Oh, the unsuspected woes of server migration

Last night, I migrated The Internet Company’s servers from a Linux-VServer host to an OpenVZ host. It all went well, except one crazy detail.

The OpenVZ host runs on CentOS, and apparently its way of calling gettimeofday(2) doesn’t agree with PLD’s glibc’s way.

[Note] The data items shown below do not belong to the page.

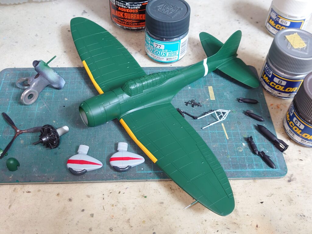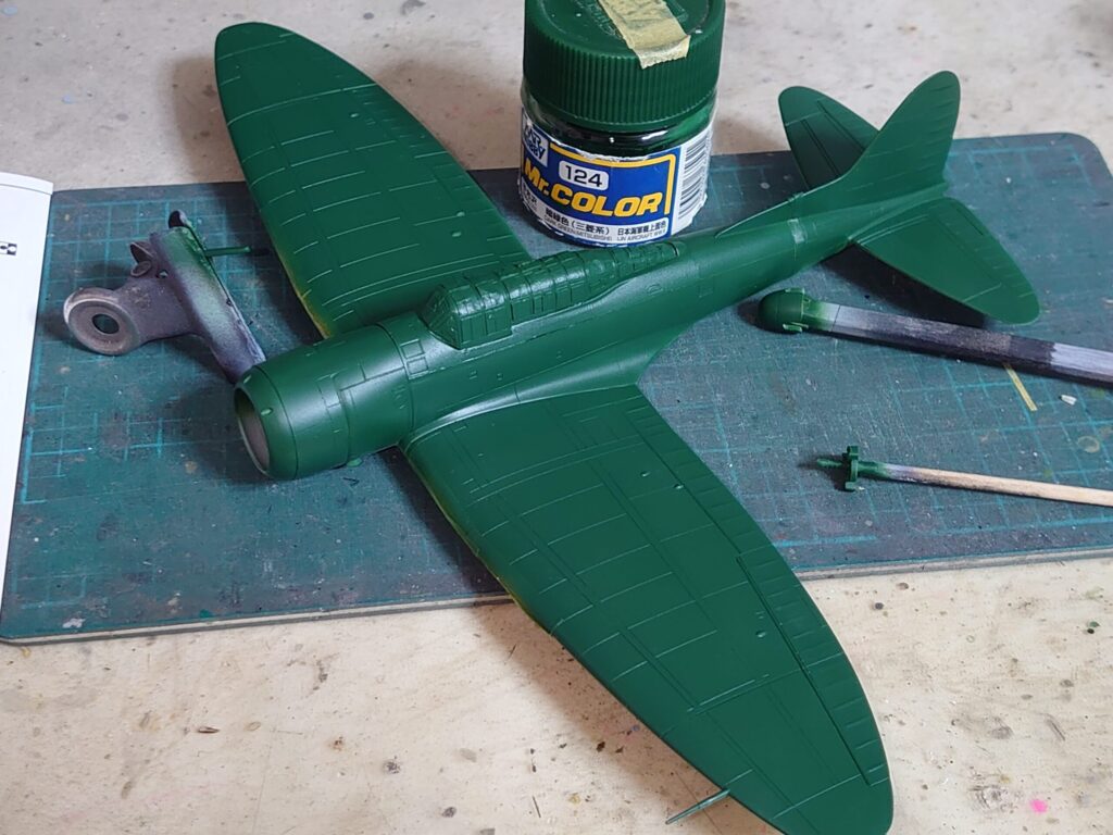 キットの指定ではMr.カラー15番の暗緑色(中島系)ですが、筆者は今回Mr.カラー124番の暗緑色(三菱系)で仕上げていますな。
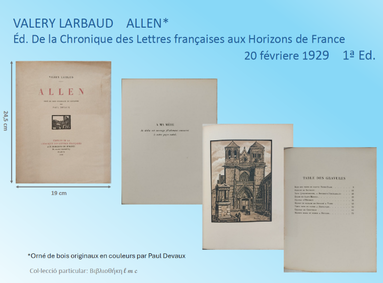 El 20 de febrer de l’any 1929, l’editorial DE LA CHRONIQUE DES LETTRES FRANÇAISES AUX HORIZONS DE FRANCE també publica ALLEN, en una edició lleugerament més modesta amb xilografies de Paul Devaux.
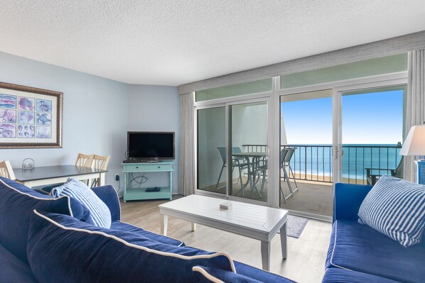 As you return home from a day spent on the beach, you can toss the day's towels in the washer/dryer, cool off in an air-conditioned living space, and fix a few cold drinks and snacks in the open kitchen with stainless steel appliances and a breakfast bar. The private oceanfront balcony has a table and chairs for al fresco dining, while both the living room and the primary bedroom have flatscreen TVs for your evening entertainment. Free WiFi is provided as well.
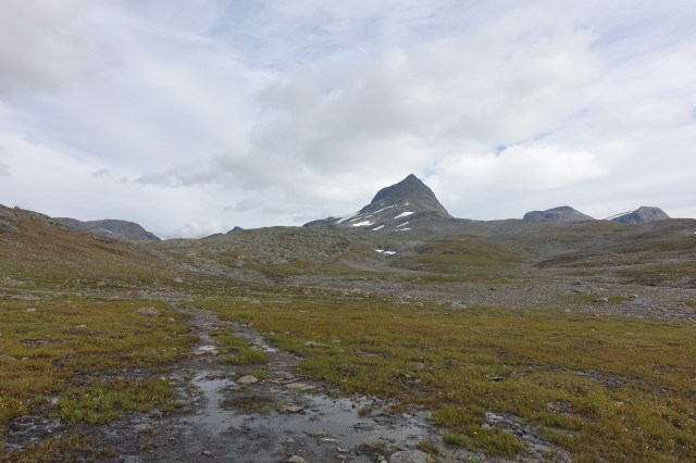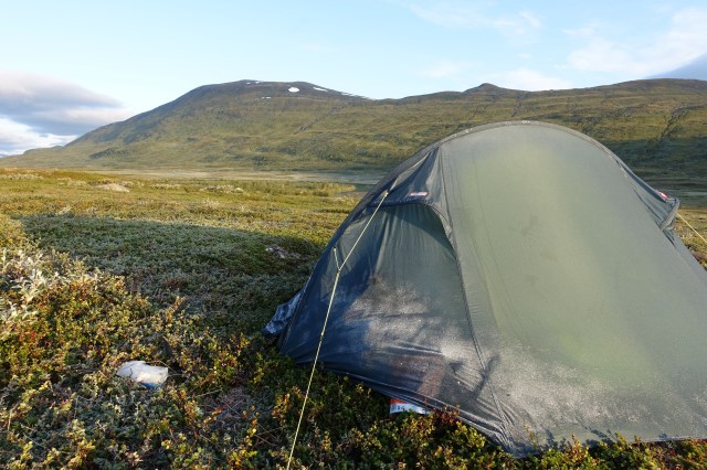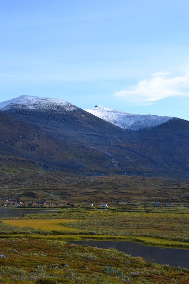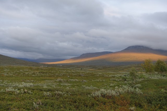 Der Tag an dem ich Wendelin treffe, ist zeitgleich auch der Tag der dritten großen Veränderung. Die vergangenen Monate war ich fast immer in Gebieten (oder auch zu Jahreszeiten) unterwegs, in denen wenige andere Menschen meinen Weg gekreuzt haben. Nun stehen wir plötzlich auf dem Padjelantaleden, der in den vergangenen Jahren – so zumindest meine Wahrnehmung – deutlich an Bekanntheit zugenommen hat. Plötzlich sind da ständig andere Menschen und nachdem ich zunächst meiner über Monate antrainierten norwegischen Gewohnheit folgend, mit jedem einen kurzes Gespräch beginne, stelle ich nach kurzer Zeit fest, dass das so nicht funktioniert. Oder ich dann zumindest nicht mehr von der Stelle komme. Also nur kurz grüßen und weiter geht’s. Richtiggehend überfordert bin ich, als wir in der Fjällstation in Ritsem ankommen. So viele Menschen auf so engem Raum habe ich seit langer, langer Zeit nicht gesehen. Eine gute Vorbereitung auf das, was kurz darauf kam. Nachdem wir zwei Tage im Regen und Wind nach Norden gelaufen sind, sind wir auf den nördlichen Kungsleden und somit wohl auf den am meist frequentierten Wanderweg Schwedens getroffen. Breite, tief ausgetretene Pfade, die aussehen, als sei eine Herde Rinder durchgezogen, viele Planken und unzählige Plätze, denen man ansieht, dass hier Menschen gezeltet haben. In steter Folge reihen sich große Hütten aneinander und auch jetzt zur Nebensaison begegnen einem am Tag mindestens 50 Menschen. Ich möchte hier gar nicht so negativ klingen, denn tatsächlich denke ich, dass der Kungsleden gerade unerfahrenen Wanderern die Infrastruktur bietet, die notwendig ist, um sicher die ersten Erfahrungen im hohen Norden zu machen. Und die Natur ist gigantisch. Man folgt die meiste Zeit einem langgezogenen Trogtal, rechts und links ragen hohe Berge auf, unter ihnen auch der Kebnekaise, mit 2097m der höchste Berg Schwedens. Nachdem wir die ersten zwei Tage vom Regen gebeutelt waren, bekamen wir an den zwei folgenden Tagen bei strahlendem Sonnenschein das ganz große Schauspiel mit atemberaubender Fernsicht geboten. Dennoch, ich ziehe die Einsamkeit vor. Und zudem sind die norwegischen Hütten nicht nur deutlich günstiger, sondern auch um einiges gemütlicher.
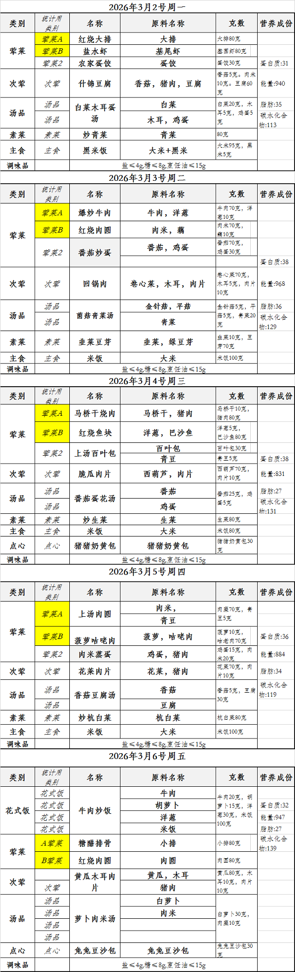 每周食谱

Specifically, the 9th bit of the resulting time is wrong … some of the time.

` with kernel.vsyscall64=0: 2011-05-09 17:14:48 -0600 1304982888 1001101110010000111010101101000

with kernel.vsyscall64=1: 2011-05-09 17:19:56 -0600 1304983196 1001101110010000111011010011100

with kernel.vsyscall64=0: 2011-05-09 17:15:04 -0600 1304982904 1001101110010000111010101111000 `

Fixed!

So what happens is that you get errors like Dovecot complaining of things like this:

May 9 15:36:31 host dovecot: pop3: Fatal: Time just moved backwards by 290 seconds. This might cause a lot of problems, so I'll just kill myself now. http://wiki2.dovecot.org/TimeMovedBackwards

since the mail server needs to know what time things arrived, and the date going backward is a sign that the clock is Not Reliable.

It also gives errors like this when things move forward again:

May 9 15:33:54 host dovecot: imap-login: Error: master(imap): Auth request timed out (received 0/12 bytes) May 9 15:33:54 host dovecot: pop3-login: Error: master(pop3): Auth request timed out (received 0/12 bytes) May 9 15:33:54 host dovecot: imap-login: Error: master(imap): Auth request timed out (received 0/12 bytes)

So the solution? set kernel.vsyscall64=0. It fixes the mismatch between guest and host on OpenVZ, making the five-minute jump disappear. Just pop that line into /etc/sysctl.conf and then apply it with sysctl -p.